To ingest a miscellaneous CSV, using a different plugin than sonargdm, an entry in the above misc-files section must have a corresponding entry under the plugin section of /etc/sonar/sonargd.conf:

Builtin Plugins:
 sonargdm: The internal processing (meant mostly for Guardium originated data).
           Specify the binary if different than /usr/bin/sonargdm
 basic: write each line as is to the collection.
       By default assumes utf-8. Specify 'encoding' if different (standard python encoding)
 upsert: handle upserts. The parameters specify the key. Use encoding as above.
 i_dam: write both to full_sql and instance. Use encoding as above.
 oracle: for oracle xml.

The following example includes both the default sonargdm, as well as a match for trees, which corresponds to the above example in the misc-files section. The plugin used for trees will be basic, forcing the data to be inserted ‘as-is’ into the collection trees:

plugins:
  default:
    sonargdm
  trees:
     basic

Note that there is no entry called animals; ergo, the second entry from the above misc-files example will attempt to be ingested using the sonargdm plugin.

Min-age

Rather than waiting for a COMPLETE file, a misc file is processed only when it has not been updated for a certain (configurable) period of time. This is to prevent a file from being processed while it is still being copied. To configure the wait time before ingestion starts edit:

min-age: 7

in sonargd.conf

Following Guardium DMv1 Conventions

CSVs should conform to certain rules in order to be properly ingested both in terms of format as well as in terms of file naming conventions:

  1. CSVs must include a header line, e.g.:

    $ cat EXP_TRUSTED_CONNECTIONS_20160429100000.csv
    "DB_User_Name","Server_IP","Client_IP","Client_Host_Name","OS_User","Type"
    
  2. CSVs must be comma separated. Strings must be encompassed in double quotes. Typing can be controlled through configuration in the sonargd.conf file but otherwise will create strings for all data.

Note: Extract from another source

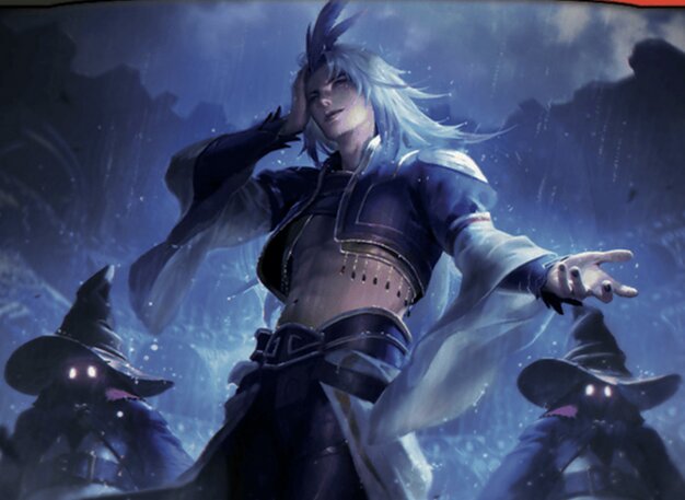 Au début de votre étape de fin, créez un jeton de créature 0/1 noire Sorcier engagé avec « À chaque fois que vous lancez un sort non-créature, ce jeton inflige 1 blessure à chaque adversaire. » Puis, si vous contrôlez au moins quatre sorciers, transformez Kuja.

  3. CSV file names must start with EXP_ as shown above.

  4. One or more CSV of the same type and timeframe may be packaged together. CSVs much be packaged and compressed using tar czf (i.e. a compressed tar) and the file must have a .gz extension, for example:

    $ ls -lrt TRUST -rw-rw-r– 1 ubuntu ubuntu 1185 Apr 29 20:53 1762144738_host1_EXP_TRUSTED_CONNECTIONS_20160429100000.gz -rw-r–r– 1 ubuntu ubuntu 0 Apr 29 21:09 1762144738_host1_EXP_TRUSTED_CONNECTIONS_20160429100000_COMPLETE.gz

The first number represents a unique source machine identifier, the name after the _ is the hostname of the source machine, then the name of the data domain and then the timeframe. Note that the name of the file determines which collection the data will be inserted into. This can be changed and managed by editing sonargd.conf but as a default the filename determines where the data will go.

  1. A COMPLETE file must always accompany a data file by the same name. The content of the COMPLETE file is not used and can it be zero length. A data file will not be processed until the accompanied COMPLETE file arrives; this is how the ETL process knows the copy of the data file has completed.